Cyber Threat Intelligence follows a six-phase intelligence lifecycle that transforms raw data into contextualised and action-oriented insights geared towards triaging security incidents. We shall look at this lifecycle as a narrative that follows a single SOC Level 1 analyst, Alex, as they weave CTI into a routine defence objective: protecting TryHatMe's production database.

The CTI Lifecycle Loop

Before we look into the lifecycle, various concepts are helpful to understand when working with threat intelligence.

Traffic Light Protocol (TLP)—A Primer for Proper Sharing

The Traffic Light Protocol is a four-colour labelling scheme defined by FIRST.org that governs how widely intel may be shared. These labels can be summarised in the following table:

TLP label Sharing boundary Typical SOC L1 behaviour
TLP: CLEAR No restriction Post to the internal wiki or platform.
TLP: GREEN Share with peer community but not publicly Upload to MISP/Slack workspace restricted to partner SOCs.
TLP: AMBER Organisation-wide, external sharing only with need-to-know clients Keep within the company CTI platform; reference, do not copy, in tickets.
TLP: RED Named recipients only Store in an encrypted note; do not post to the ticketing system without clearance.

While investigating breaches, a Level 1 analyst ensures that an IOC's TLP label—if provided—travels with the indicator into any platform or triage note.

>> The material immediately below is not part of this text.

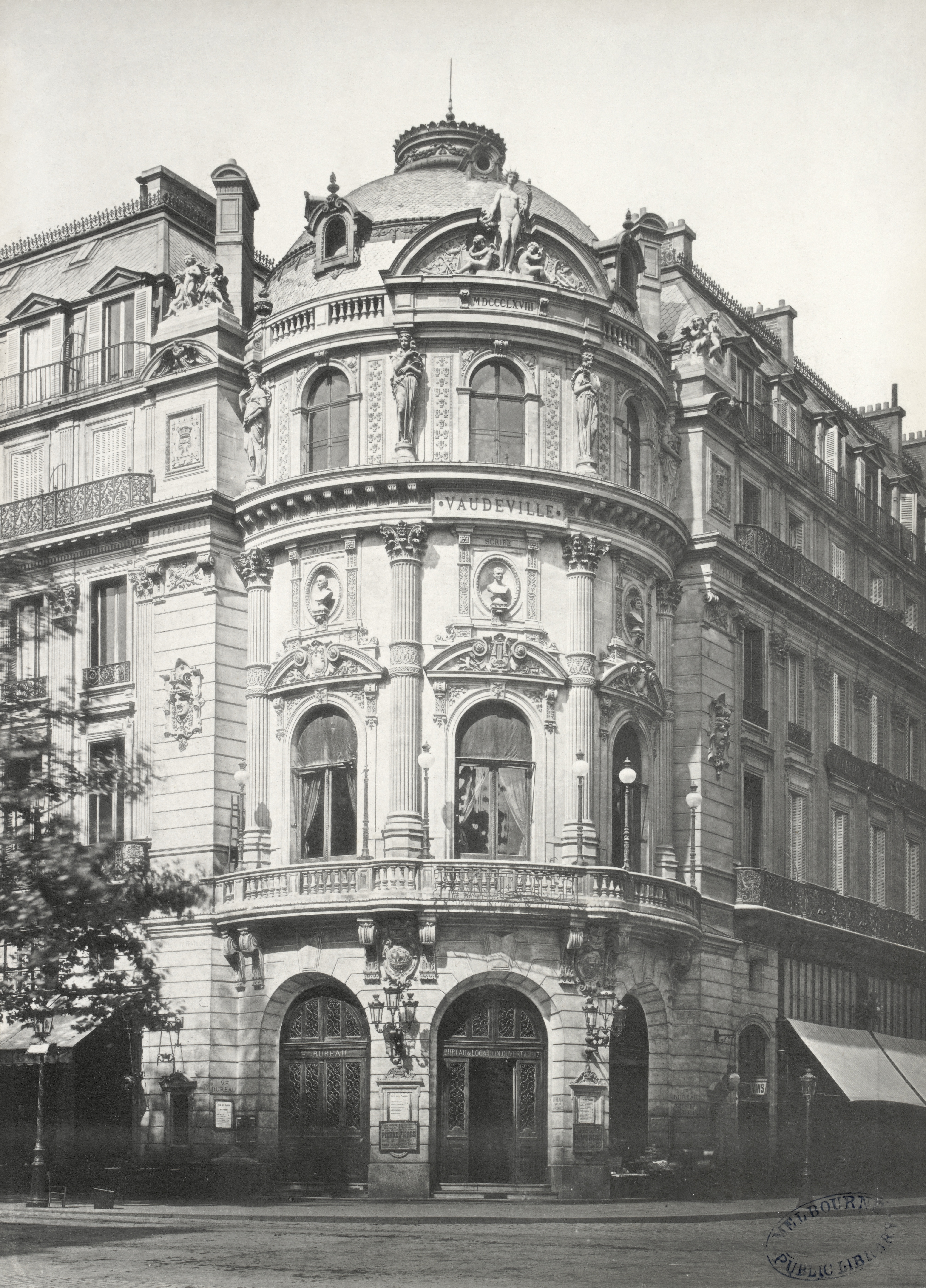 Looking across street towards corner three storey building with highly decorated facade.

Violating the label can breach contractual obligations and erode trust with intelligence partners.

Intel Formats

Analysts encounter intelligence in various formats or protocols. Once they have gathered intel, they are responsible for sharing and updating other analysts on new findings about attack techniques. One format in which threat intel can be found is Structured Threat Information Expression (STIX). This JSON schema was developed to describe and specify threat indicators, relationships, and context in a machine-readable form.

We can now look into the CTI lifecycle with a real-world scenario.

Scenario Premise

TryHatMe Corp holds sensitive customer data in a PostgreSQL server in a segmented subnet. The server is fronted by a next-generation firewall (NGFW) and monitored on-host by an Endpoint Detection and Response (EDR) agent. Senior management has asked the SOC to "bring in cyber-threat intelligence" so that the controls react rapidly to emerging threats. The morning-shift L1 analyst, Alex, is assigned to build and exercise that workflow.

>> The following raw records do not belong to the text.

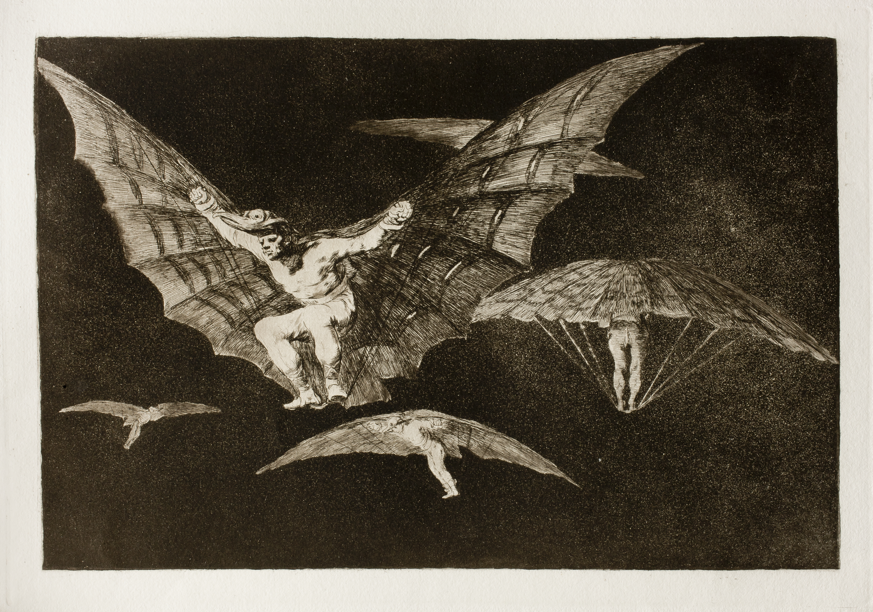 This print is work No. 13 of the "Disparates" series (1st edition, Madrid, Real Academia de Bellas Artes de San Fernando, 1864)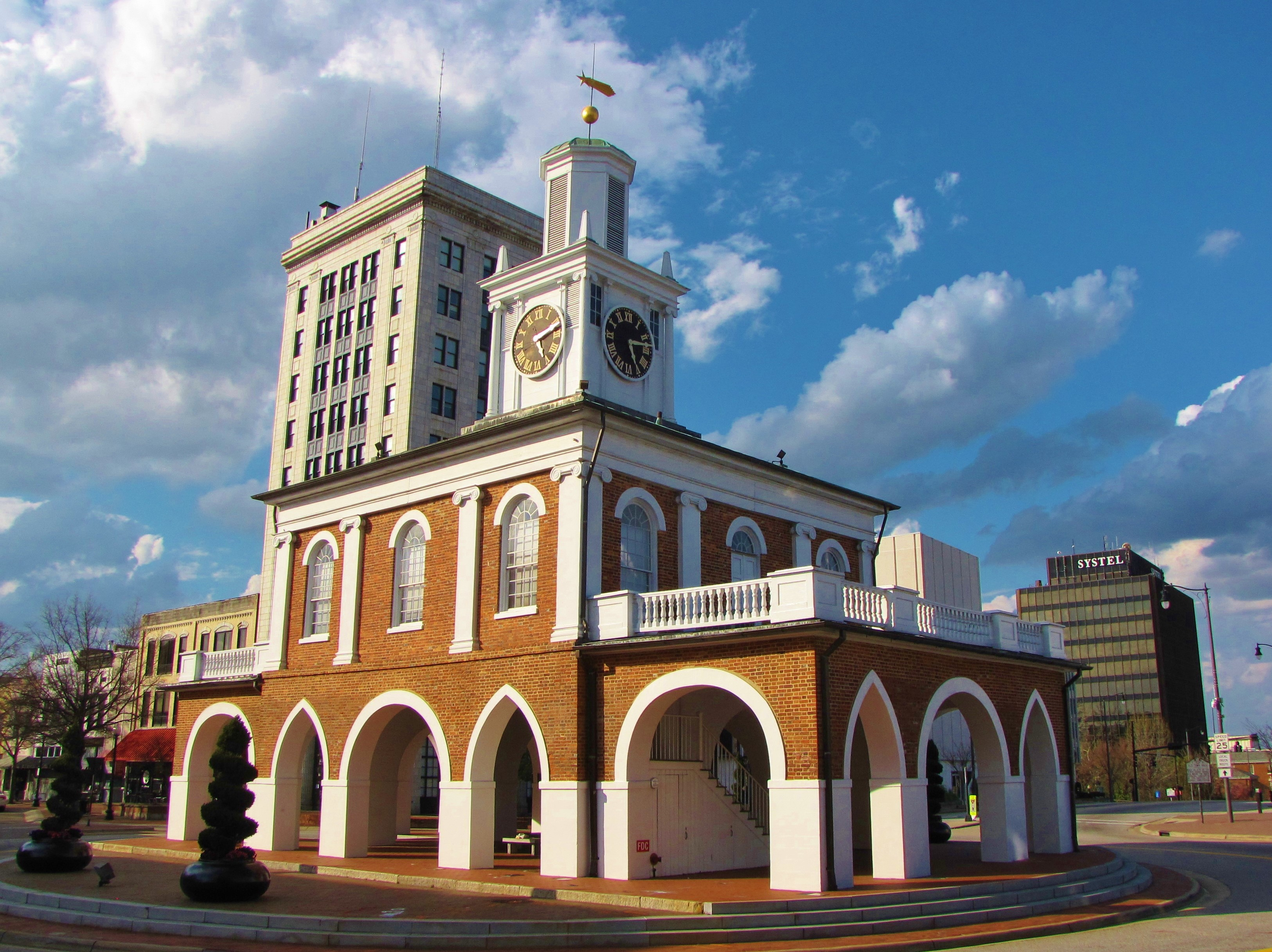 Downtown Fayetteville, NC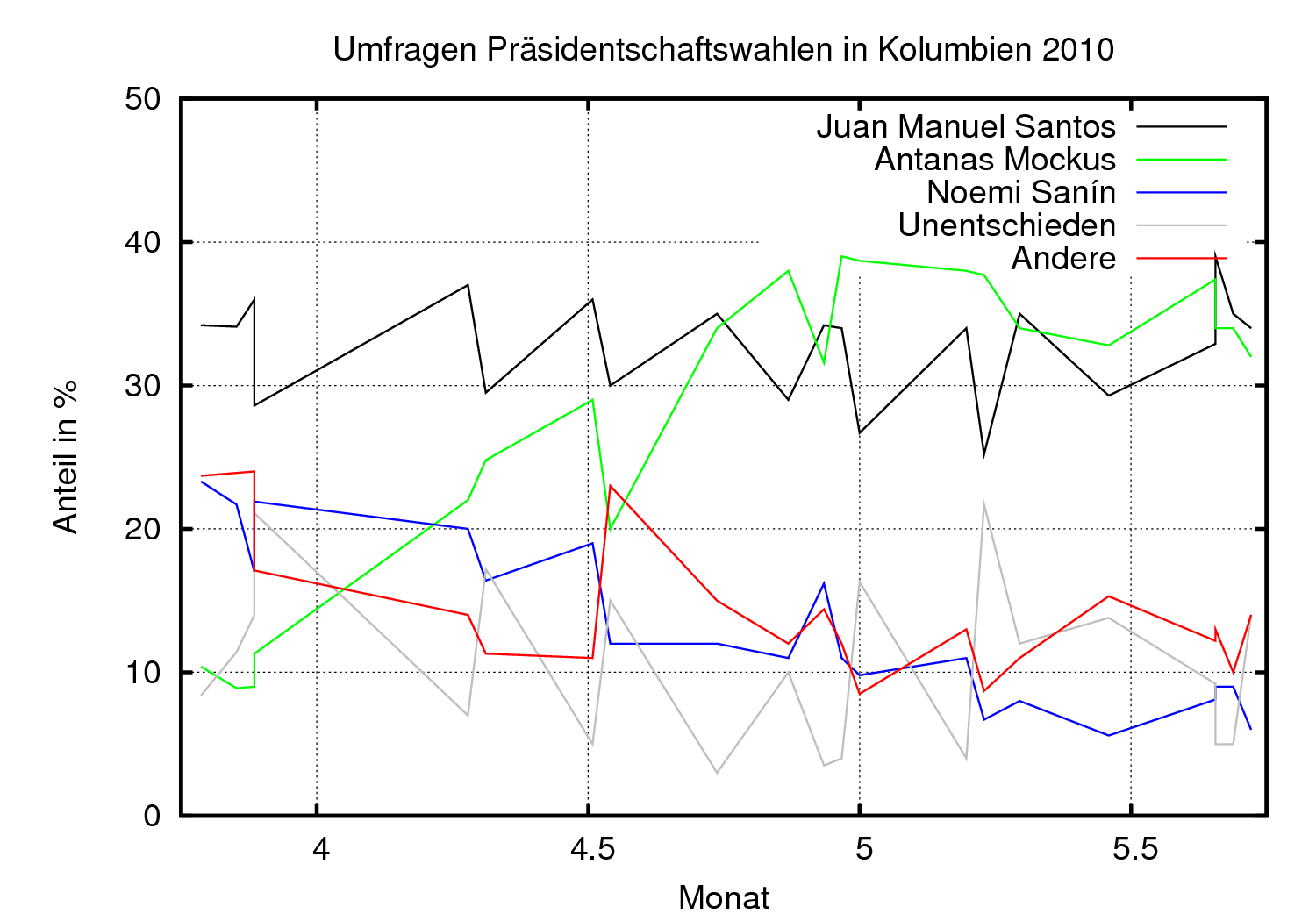 Diagram of opinion polls from different institutions for the Colombian presidential election, 2010.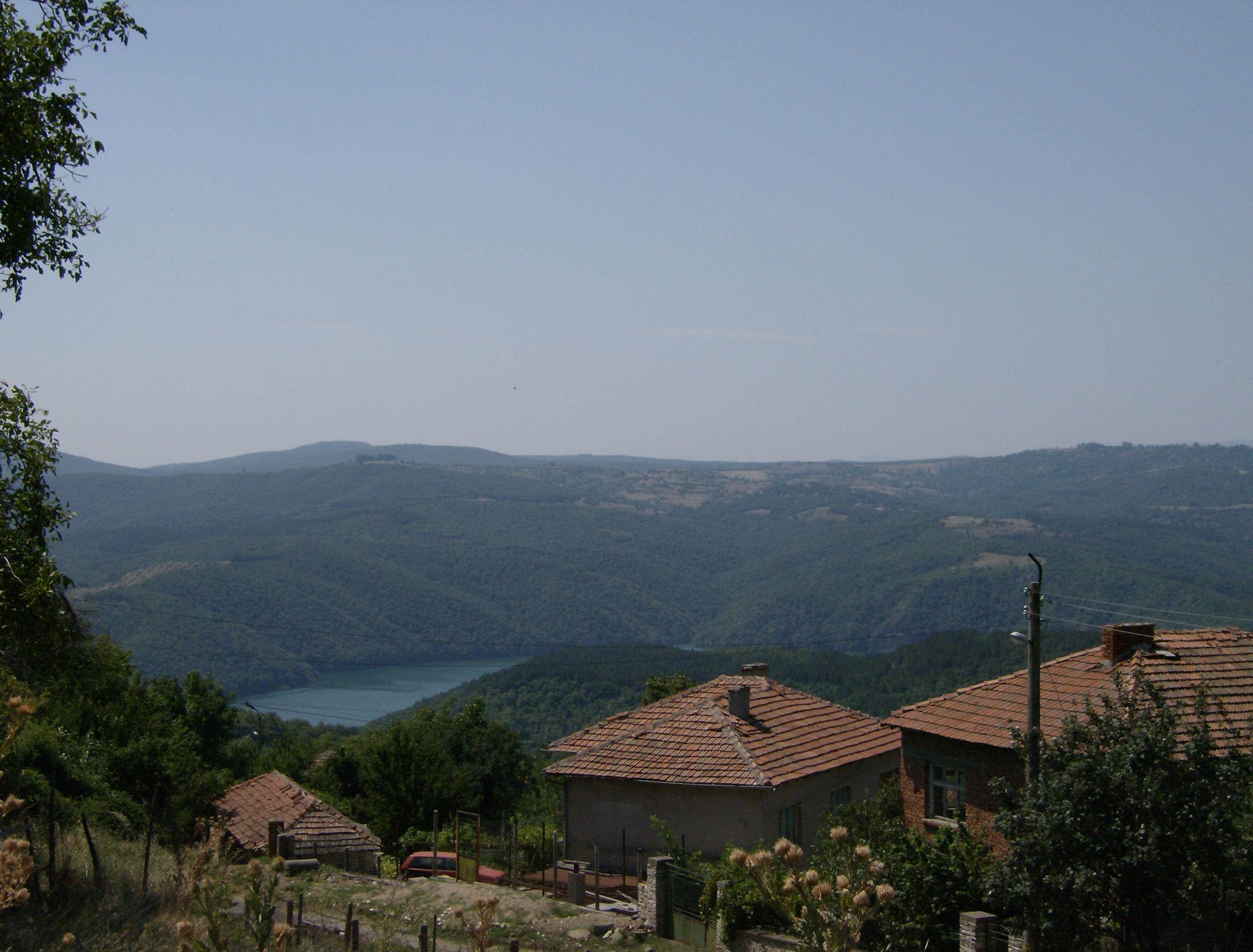 Kamilski dol

Step 1: Direction – Defining the Mission

Alex begins in a brief planning meeting with the CTI lead and the database administrator. Together, they translate the broad mandate into an intelligence requirement:

  1. Primary asset. The PostgreSQL production database.

  2. Business risk. Data breach fines under GDPR and loss of customer trust.

  3. Available controls. NGFW is capable of IP- and domain-based blocking; EDR can quarantine files by hash.

  4. Initial CTI goal. Use threat-feed indicators to:

    • Block or alert on suspicious IP addresses at the firewall, and
    • Detect known malicious file hashes at the EDR layer.

Alex constructs two measurable questions that will steer subsequent collection and analysis:

Q1 Which external IP addresses and domains are currently used to exploit PostgreSQL services or exfiltrate database records?

Q2 Which malware families targeting PostgreSQL drivers or credentials are active this week, and what are their file hashes?

The answers to Q1 and Q2 will become success criteria in later feedback.

Step 2: Collection – Assembling the Raw Material

Guided by the questions, Alex gathers intelligence from four sources:

Source Rationale Example artefacts collected
Commercial feed from the NGFW vendor Tailored to the same firewall models, high-fidelity 37 IPv4 addresses flagged as database-exfil C2 in the last 24 h
Open-source project AbuseIPDB filtered by tag PostgreSQL-brute-force Rapid, community-driven updates 15 IP addresses, four domains
The Malware Information Sharing Platform (MISP) is internal to the company Historical view of incidents 2 SHA-256 hashes of PgSQL credential stealers
Vendor threat report released this week Strategic insight distilled into technical IOCs 1 new malware hash, 3 C2 domains

Alex exports each feed in STIX or CSV, then stores a dated copy in the SOC's "raw-intel" S3 bucket, ensuring reproducibility.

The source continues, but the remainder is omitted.